A similar survey by KPMG found 67 per cent of CEOs indicate they often prefer to make decisions based on their own intuition and experience over insights generated through data analytics. Overcoming the C-suite’s distrust of AI is a challenge and HBR offers four ways to boost executive confidence in AI-assisted decision making.

Reliable AI models

One of the problems with AI models is that they often tend to give a negative experience and some of the AI biases don’t help much with building trust in them. Data scientists and analysts working on these failed AI models collectively agree that the common denominator behind such failure is lack of quality data.

C-suite executives are particularly wary of the vast amount of unstructured data being used to create machine learning (ML) and deep learning (DL) models. It is easier to collect unstructured data but it is unusable unless it is properly classified, labelled, and cleansed for the AI systems to create and train models.
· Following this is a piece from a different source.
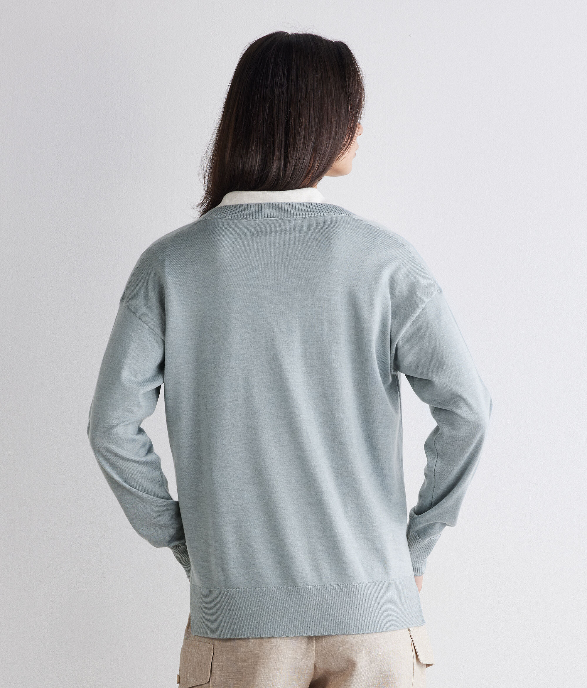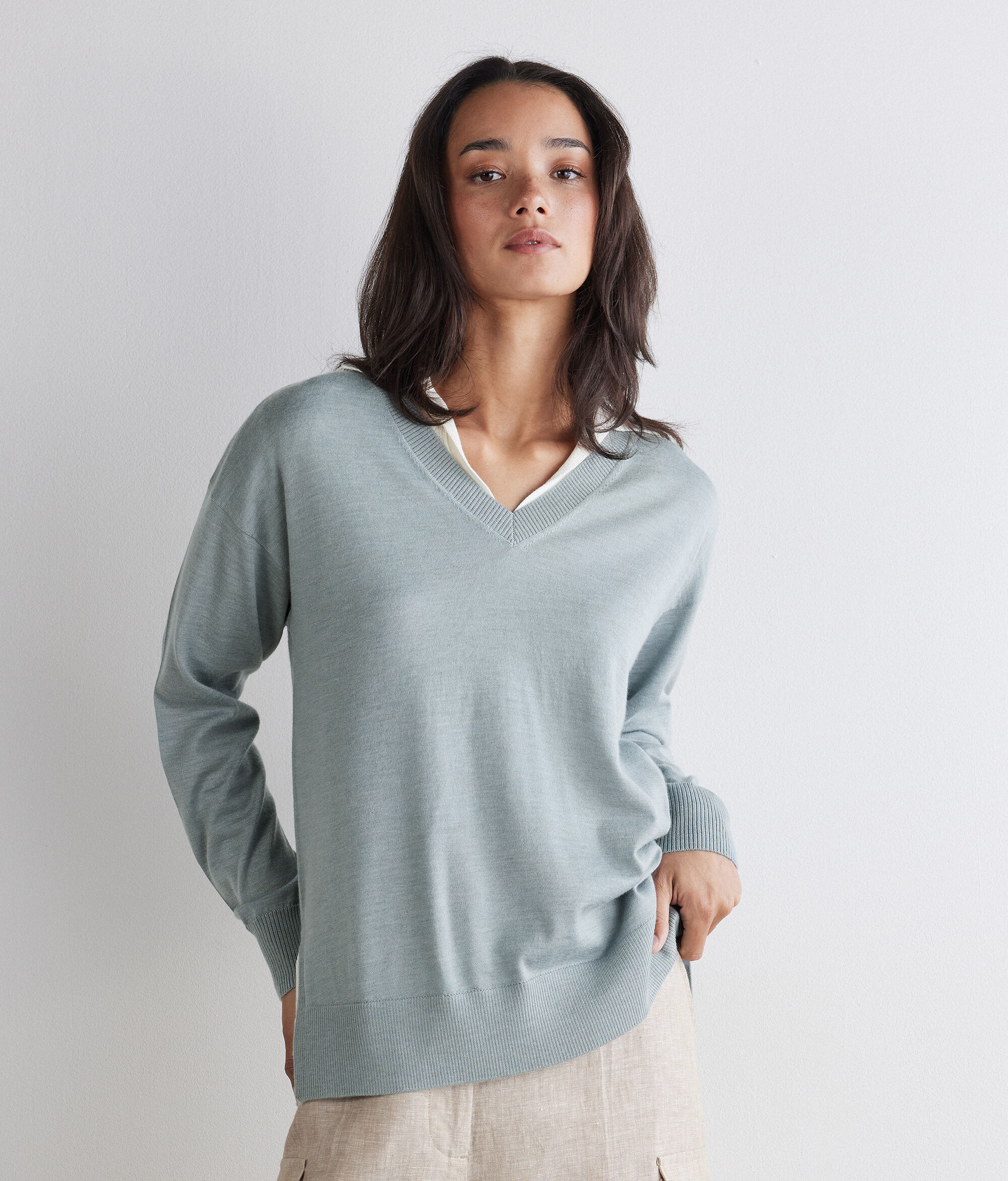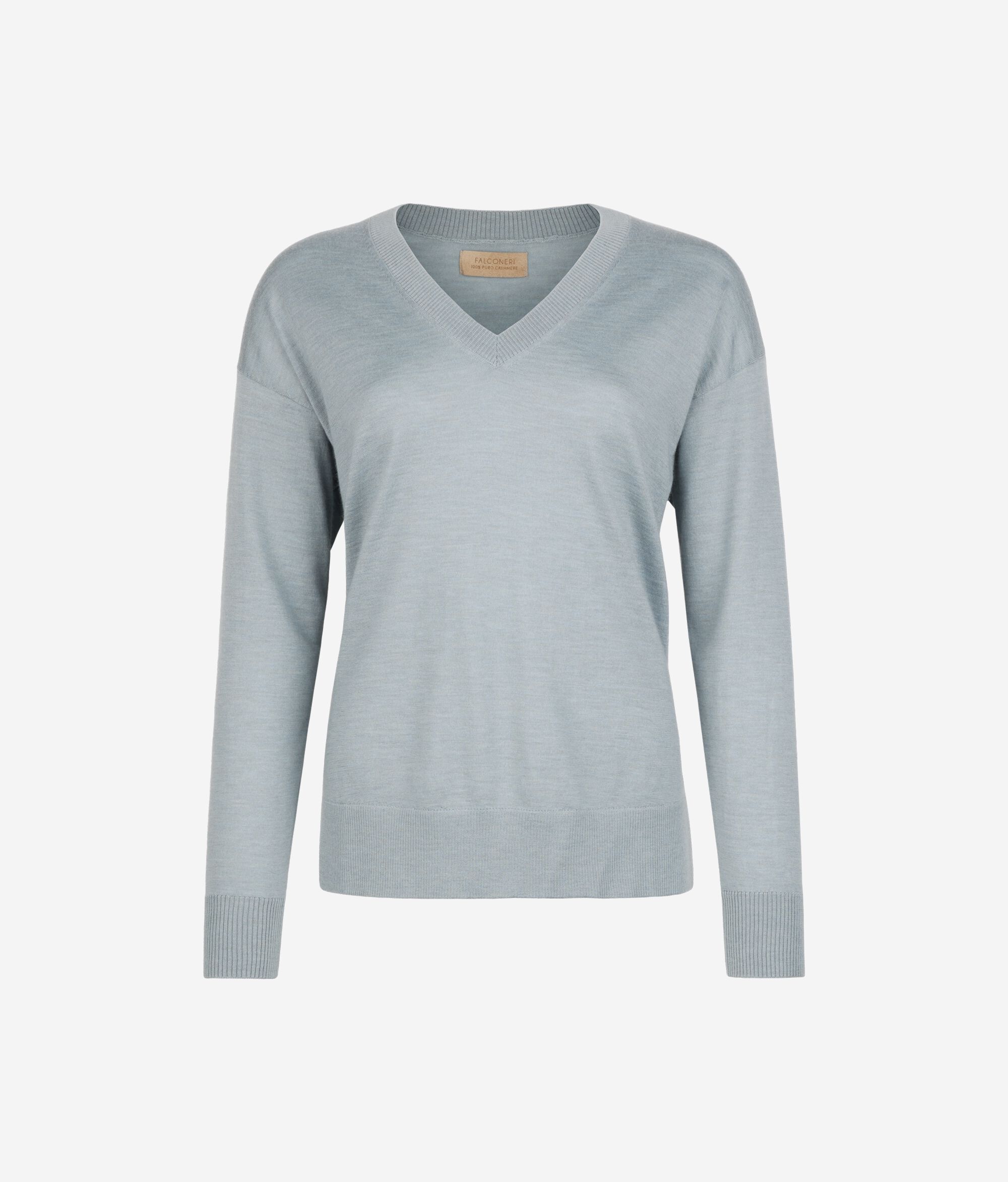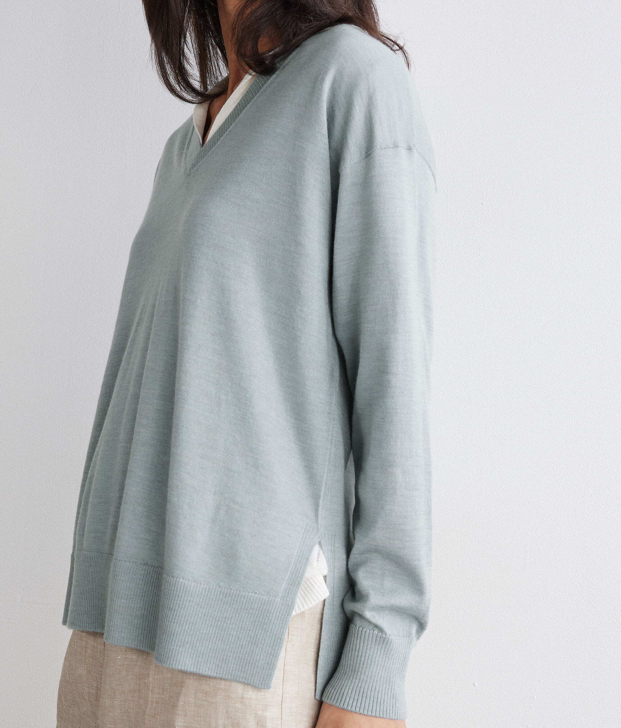 Der Pullover mit V-Ausschnitt aus Kaschmir Ultrafine ist ein langärmeliges Modell, das sich durch Rippstrick an Ausschnitt, Bündchen und Saum auszeichnet. Seine Besonderheit sind die Seitenschlitze. Die Schultern sind leicht überschnitten und die Passform ist weich fallend.
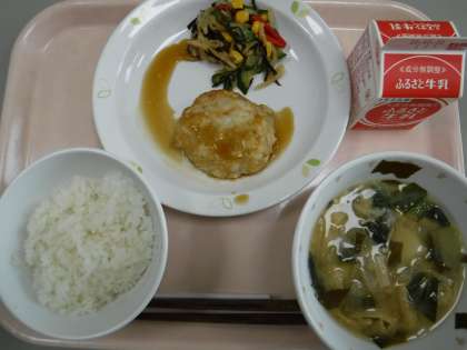 本日の献立 ごはん 牛乳 豆腐入りさくさくつくね 大根とひじきのサラダ みそ汁

“As a result, data fed into AI systems may be outdated, not relevant, redundant, limited, or inaccurate. Partial data fed into AI/ML models will only provide a partial view of the enterprise,” Andy Thurai and Joe McKendrick note for HBR.

It is imperative that companies focus on data preparation to create reliable AI models capable of delivering proper results. In order to gain executive confidence, context and reliability is key and use of proper AI tools will allow for creation of reliable AI models.

Avoid data biases

Another concern causing executive hesitancy is ongoing and justifiable concern around AI results leading to discrimination within their organisation or affecting customers. This issue once again highlights the need to cleanse the data from any biases.
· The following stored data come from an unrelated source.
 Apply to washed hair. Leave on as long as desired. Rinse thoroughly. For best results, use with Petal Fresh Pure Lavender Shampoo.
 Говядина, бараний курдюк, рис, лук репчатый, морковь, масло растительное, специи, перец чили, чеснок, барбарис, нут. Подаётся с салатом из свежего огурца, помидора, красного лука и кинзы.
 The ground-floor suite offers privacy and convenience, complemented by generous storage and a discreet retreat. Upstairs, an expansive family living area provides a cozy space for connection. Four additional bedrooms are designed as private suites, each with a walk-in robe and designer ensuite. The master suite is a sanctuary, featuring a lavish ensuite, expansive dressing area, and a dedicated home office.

If an AI model is trained using biassed data then the resulting model will also be skewed towards biassed recommendations. The AI models and the decisions made by them will only be as good as the non-bias in the data. There are an estimated 175 human biases that need to be addressed through analysis of incoming data for biases and other negative traits.

The data used in higher-level decision-making need to be thoroughly vetted to assure executives that it is “proven, authoritative, authenticated, and from reliable sources.”
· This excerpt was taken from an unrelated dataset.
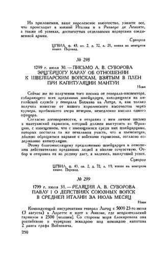 Реляция А.В. Суворова Павлу I о действиях союзных войск в Средней Италии за июль месяц. Нови. 1799 г. июля 31 // ЦГВИА, ф. 26, оп. 152, д. 532, лл. 77-78 об., подлинник. Опубл. с некоторыми отступлениями от текста подлинника Е. Фукс, ч. II, стр. 690-692.
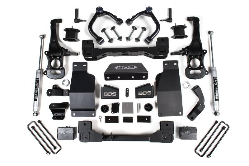 In the rear BDS offers a heavy duty lift block to lift and level that stance. The lift block installs in place of the stock block and retains ride quality and load capacity. Also for the rear are new u-bolts, brake line brackets and precision tuned NX2 Nitro or premium FOX 2.0 Performance Series shocks.

AI that supports ethical and moral decision-making

Businesses are under pressure to prove that they are operating morally and ethically. AI-assisted decisions need to reflect these ethical and moral values as well. For executives, this is important because they want to appear as a company with ethical and moral values and operate with integrity.

The need to ensure that AI provides decisions that are ethical and moral also has legal liabilities. Wrong decisions made by AI-assisted models can be challenged in courts and will only draw further scrutiny.

The European Commission has introduced the AI Liability Directive that allows those affected by AI models to seek compensation through a well-defined legal framework. One of the ways that executives can overcome their hesitancy and maintain ethical and moral values is by ensuring that human values are applied to their AI systems.

Explainable AI

The most critical aspect to eliminating executive hesitancy would be creating AI models that are explainable. Explainable AI remains a major challenge and most AI decisions don’t have explainability built into it.

“When a decision is made and an action is taken that risks millions of dollars for an enterprise, or it involves people’s lives/jobs, saying AI made this decision so we are acting on it is not good enough,” the authors write.

The results produced by AI and actions taken based on the AI model cannot be opaque. There is a need for AI systems to be developed in such a way that the data used to train the model is easily explainable. A third-party governance framework built into higher-level decision-making will elevate the confidence in such AI models.